International school in Singapore established in 2009

Stamford American International School (SAIS) is a co-educational international school in Singapore. The school is owned and operated by Cognita and enrolled its first students in August 2009.

Stamford American has two campuses. The Early Learning Village, which caters to students from Pre-Nursery to KG2, is located at Chuan Lane, 2.6 km away from the Elementary and Secondary Campus on Woodleigh Lane, near Woodleigh MRT station, which are dedicated to students from Grades 1 to 12.

==History==
In August 2008, the Government of Singapore listed the site of the former Upper Serangoon Secondary School as available for the construction of a new international school, to address the need for businesses seeking to recruit employees from other countries. In November, the government announced that Cognita had been chosen to build a new school on the site.

The school was first opened in August 2009 at the Foundation Campus, located at 11 Lorong Chuan, while the purpose-designed permanent campus was being built. Stamford American International School's campus was completed and opened in August 2012.

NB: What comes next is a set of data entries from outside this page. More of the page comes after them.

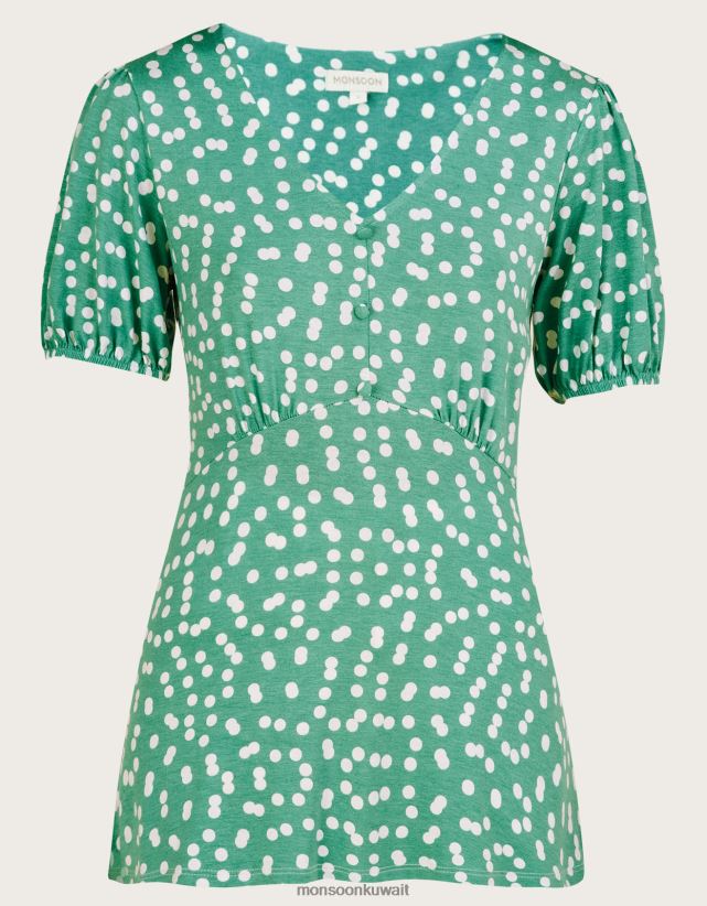 Monsoon Kuwait - بلوزة جيرسي بأكمام قصيرة منقط ملابس أخضر Monsoon نحيف N4BV8X2795
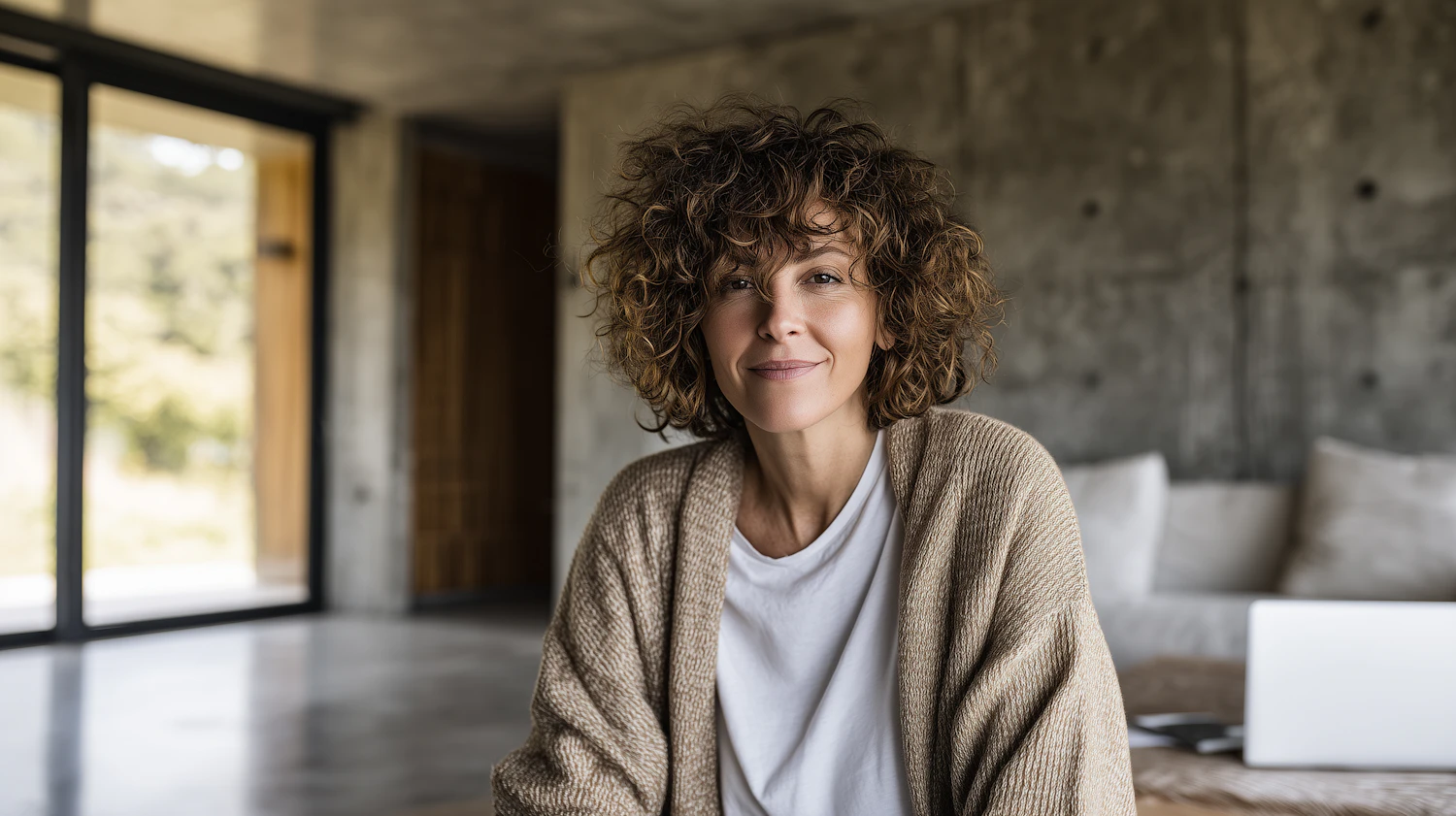 A woman with curly hair in a cozy cardigan sits in a modern room with natural light, exuding a relaxed and approachable vibe.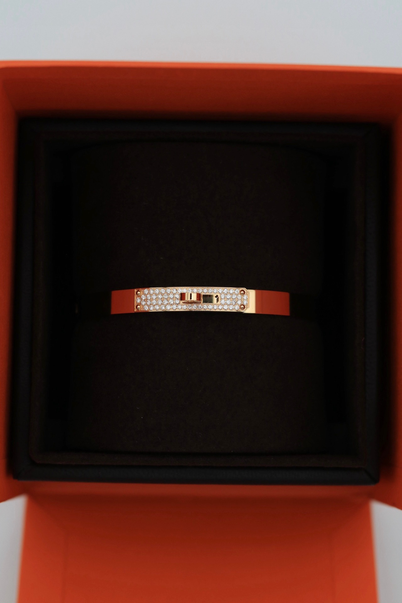Elegant and timeless bracelet in rose gold set with diamonds. Hermes iconic bag with its turn clasp reinvented as a signature piece of jewelry.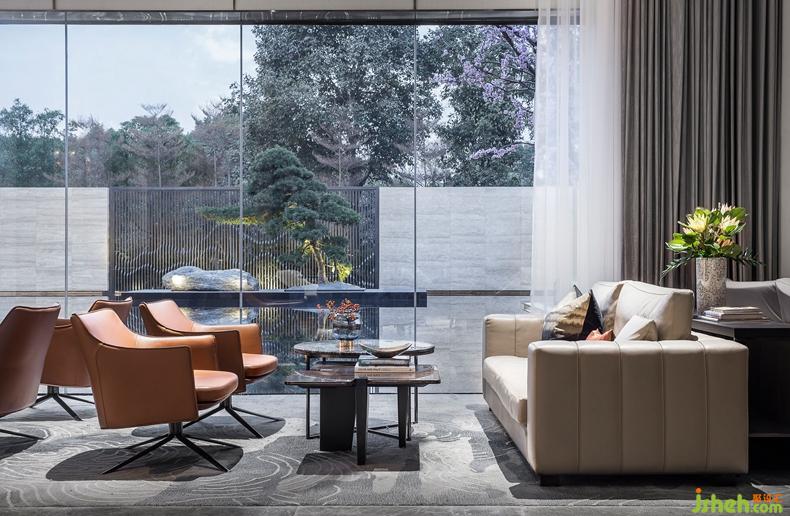 舒適地毯自然地劃分出洽談區(qū),整體開放性的布局,促進(jìn)多元化的交流與互動,同時落地玻璃向環(huán)境借景,呈現(xiàn)出一個融合卻又獨立的利落空間.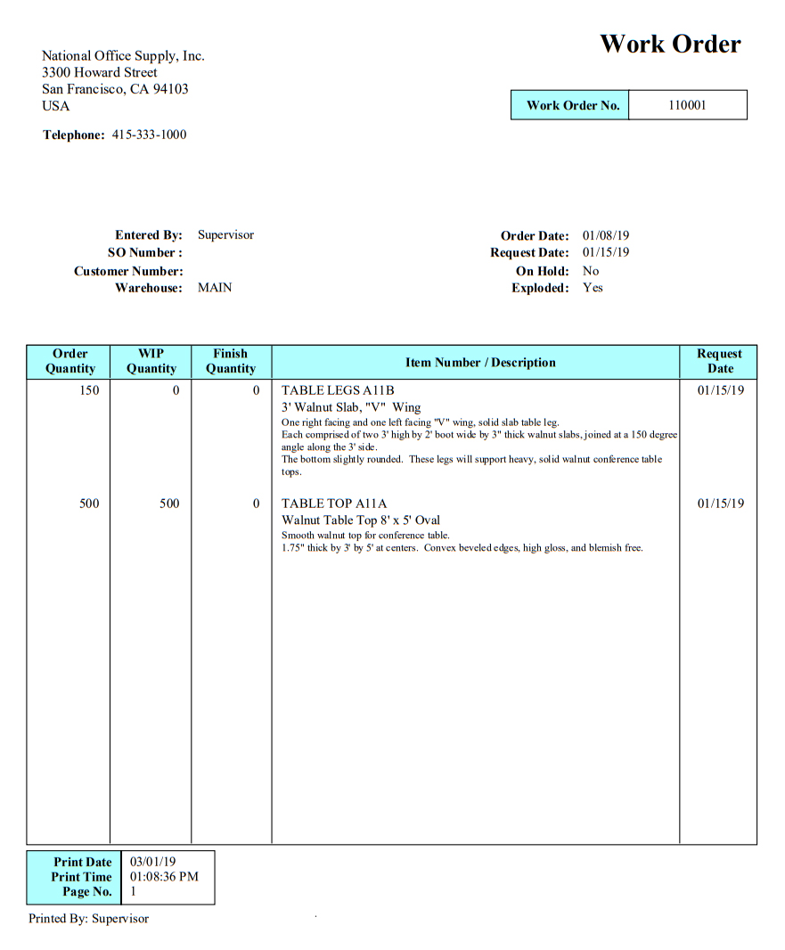The Print Work Order function allows you to preview and print a work order that identifies the inventory items to manufacture, including relevant information about the request date, order quantity, work-in-process, and finished quantities. Needless to say, the Production Department can refer to the Work Order document to determine the inventory item quantities that will be manufactured, are still in the process of being manufactured, and had been manufactured. You can configure AccountMate to print for an alignment test only. You can also choose to print all the previously printed work orders, all the work orders that are yet to be printed, or all work orders regardless of their printing status. You can print the work orders either on pre-printed forms or on a plain paper. You can set up these parameters in the MI Module Setup > Printing tab.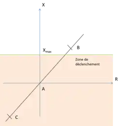 La protection de distance tente de faire la distinction entre impédance de défaut et impédance de charge. Il faut donc définir, une limite, une frontière entre les impédances que la protection va considérer comme normales, de charge et celles anormales associées à un défaut. Cette limite est appelée ici caractéristique de déclenchement. Elles peuvent avoir plusieurs formes et sont représentées dans un plan résistance - inductance : RX.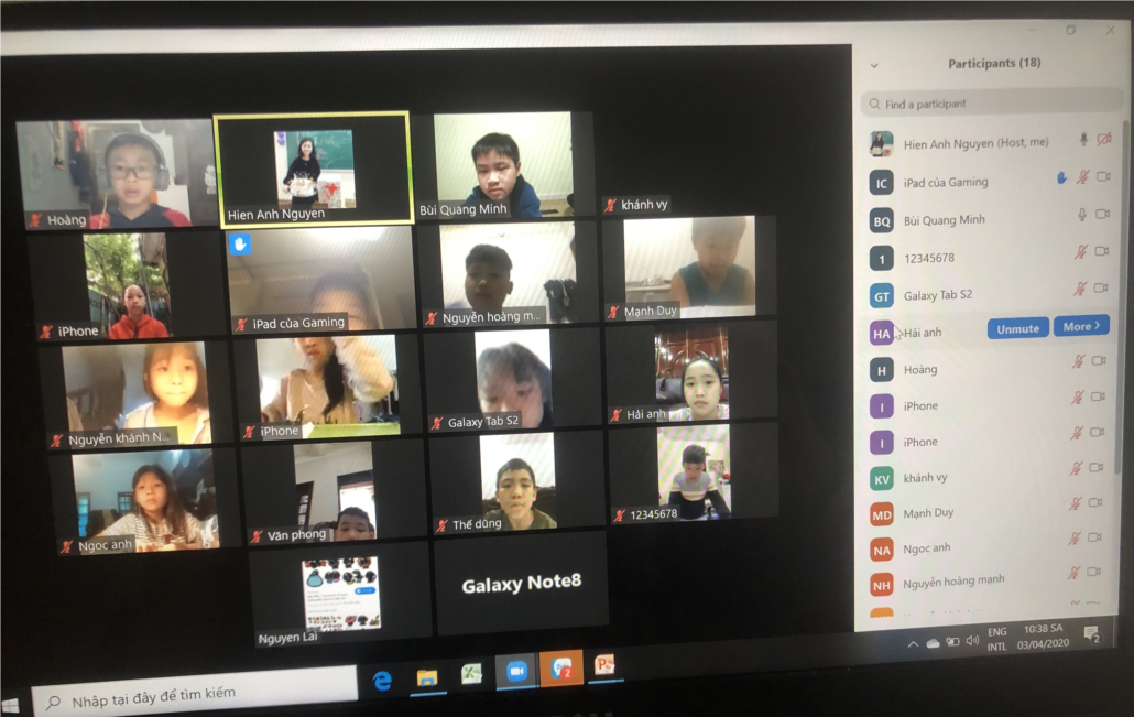 Hình ảnh các bạn học sinh tích cực tham gia học tập trên ứng dụng zoom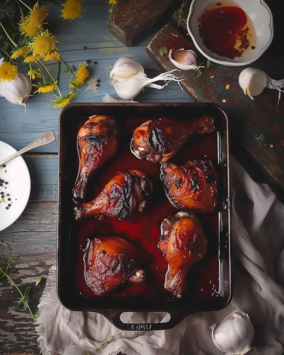 Transfer marinated chicken and all marinade to a 9×13-inch baking dish, spreading evenly. Bake for 35–40 minutes, or until the internal temperature reaches 165°F (74°C) and the top is caramelized.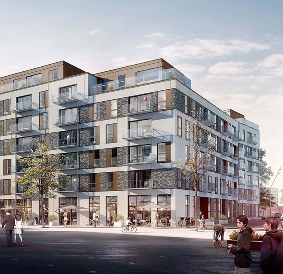 Inspirationsbillede af facader med materiale- og farvevalg, detaljering mv., som fremtræder med et sammenhængende arkitektonisk formsprog (Arkitema).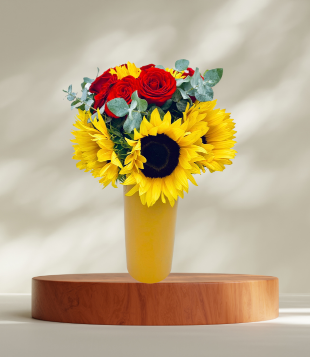 Combina este bouquet de girasoles con globos, botanas o alguno de nuestros postres. ¡Le encantará!

In August 2017, Stamford American opened a pre-school in collaboration with the Australian International School (AIS).

==Students==
Stamford American's student body comprises over 75 nationalities across 6 continents. The majority of Stamford American's students come from the United States, Canada, Japan, South Korea, Australia, Taiwan and China. Many cultural events such as the week-long International Fiesta organized by Stamford's Parent Teacher Association (PTA), Lunar New Year, Deepavali, and Christmas are celebrated in school.

==Academic==
The students graduate with a US-accredited Stamford High School Diploma with the opportunity to pursue an International Baccalaureate Diploma or an Advanced Placement Diploma. As of 2025, Stamford American is ranked 15th out of 17 schools in Singapore by average IB results.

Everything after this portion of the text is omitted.